▸ **EXERCISE GOAL**
Output only the span of lines that begins at the line containing "The property is" and ends at the last line of the data, both included, exactly as they appear.

DATA SUPPLIED below:

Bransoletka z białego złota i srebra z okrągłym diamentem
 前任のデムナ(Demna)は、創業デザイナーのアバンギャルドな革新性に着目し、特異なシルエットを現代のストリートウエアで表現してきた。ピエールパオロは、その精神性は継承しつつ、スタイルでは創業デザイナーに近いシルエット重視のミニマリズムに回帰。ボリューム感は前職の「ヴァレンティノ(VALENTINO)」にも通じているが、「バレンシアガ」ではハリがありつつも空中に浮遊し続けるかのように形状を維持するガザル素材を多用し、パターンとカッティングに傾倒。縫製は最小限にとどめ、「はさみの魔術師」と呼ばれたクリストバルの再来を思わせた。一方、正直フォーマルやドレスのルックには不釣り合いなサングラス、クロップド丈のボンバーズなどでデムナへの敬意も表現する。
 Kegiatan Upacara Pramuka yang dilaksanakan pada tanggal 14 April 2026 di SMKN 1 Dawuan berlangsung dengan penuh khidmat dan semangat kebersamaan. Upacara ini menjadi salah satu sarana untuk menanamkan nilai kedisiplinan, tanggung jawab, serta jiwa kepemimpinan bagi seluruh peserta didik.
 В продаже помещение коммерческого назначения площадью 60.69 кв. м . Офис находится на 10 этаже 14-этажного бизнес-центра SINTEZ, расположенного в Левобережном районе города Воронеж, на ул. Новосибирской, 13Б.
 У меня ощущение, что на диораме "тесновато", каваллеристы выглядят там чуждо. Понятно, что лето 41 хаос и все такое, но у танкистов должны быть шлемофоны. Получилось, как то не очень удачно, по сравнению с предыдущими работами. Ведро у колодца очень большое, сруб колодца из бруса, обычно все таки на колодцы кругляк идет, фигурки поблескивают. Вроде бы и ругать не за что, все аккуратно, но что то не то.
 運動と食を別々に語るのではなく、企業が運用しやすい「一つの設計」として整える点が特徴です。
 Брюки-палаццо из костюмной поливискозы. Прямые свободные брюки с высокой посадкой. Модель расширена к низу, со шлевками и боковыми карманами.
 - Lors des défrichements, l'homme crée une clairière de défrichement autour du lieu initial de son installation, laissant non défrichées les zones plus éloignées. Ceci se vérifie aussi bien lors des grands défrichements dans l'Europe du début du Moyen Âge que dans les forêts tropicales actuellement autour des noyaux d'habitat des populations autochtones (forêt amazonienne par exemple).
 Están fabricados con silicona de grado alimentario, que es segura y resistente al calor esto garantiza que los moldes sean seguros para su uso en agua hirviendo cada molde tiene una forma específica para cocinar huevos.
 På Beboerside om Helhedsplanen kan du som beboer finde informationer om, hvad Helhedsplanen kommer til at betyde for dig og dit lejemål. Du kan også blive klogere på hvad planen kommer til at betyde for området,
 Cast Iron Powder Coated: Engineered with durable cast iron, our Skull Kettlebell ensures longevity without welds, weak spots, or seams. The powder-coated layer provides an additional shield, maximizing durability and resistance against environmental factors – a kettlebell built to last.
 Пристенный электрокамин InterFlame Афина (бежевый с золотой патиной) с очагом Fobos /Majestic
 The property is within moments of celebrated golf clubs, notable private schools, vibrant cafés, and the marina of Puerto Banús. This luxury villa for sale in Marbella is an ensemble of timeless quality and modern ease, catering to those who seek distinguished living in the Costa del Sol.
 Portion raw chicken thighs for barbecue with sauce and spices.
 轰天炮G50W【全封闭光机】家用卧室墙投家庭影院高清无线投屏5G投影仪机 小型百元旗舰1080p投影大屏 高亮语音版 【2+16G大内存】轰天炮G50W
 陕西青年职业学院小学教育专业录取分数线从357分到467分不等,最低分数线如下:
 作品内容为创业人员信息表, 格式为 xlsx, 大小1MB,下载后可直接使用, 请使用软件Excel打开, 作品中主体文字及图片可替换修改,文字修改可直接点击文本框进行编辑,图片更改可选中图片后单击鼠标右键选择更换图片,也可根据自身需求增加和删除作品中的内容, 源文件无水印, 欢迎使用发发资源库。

End of DATA SUPPLIED.

▸ **SOLUTION TO THE PROBLEM**
 The property is within moments of celebrated golf clubs, notable private schools, vibrant cafés, and the marina of Puerto Banús. This luxury villa for sale in Marbella is an ensemble of timeless quality and modern ease, catering to those who seek distinguished living in the Costa del Sol.
 Portion raw chicken thighs for barbecue with sauce and spices.
 轰天炮G50W【全封闭光机】家用卧室墙投家庭影院高清无线投屏5G投影仪机 小型百元旗舰1080p投影大屏 高亮语音版 【2+16G大内存】轰天炮G50W
 陕西青年职业学院小学教育专业录取分数线从357分到467分不等,最低分数线如下:
 作品内容为创业人员信息表, 格式为 xlsx, 大小1MB,下载后可直接使用, 请使用软件Excel打开, 作品中主体文字及图片可替换修改,文字修改可直接点击文本框进行编辑,图片更改可选中图片后单击鼠标右键选择更换图片,也可根据自身需求增加和删除作品中的内容, 源文件无水印, 欢迎使用发发资源库。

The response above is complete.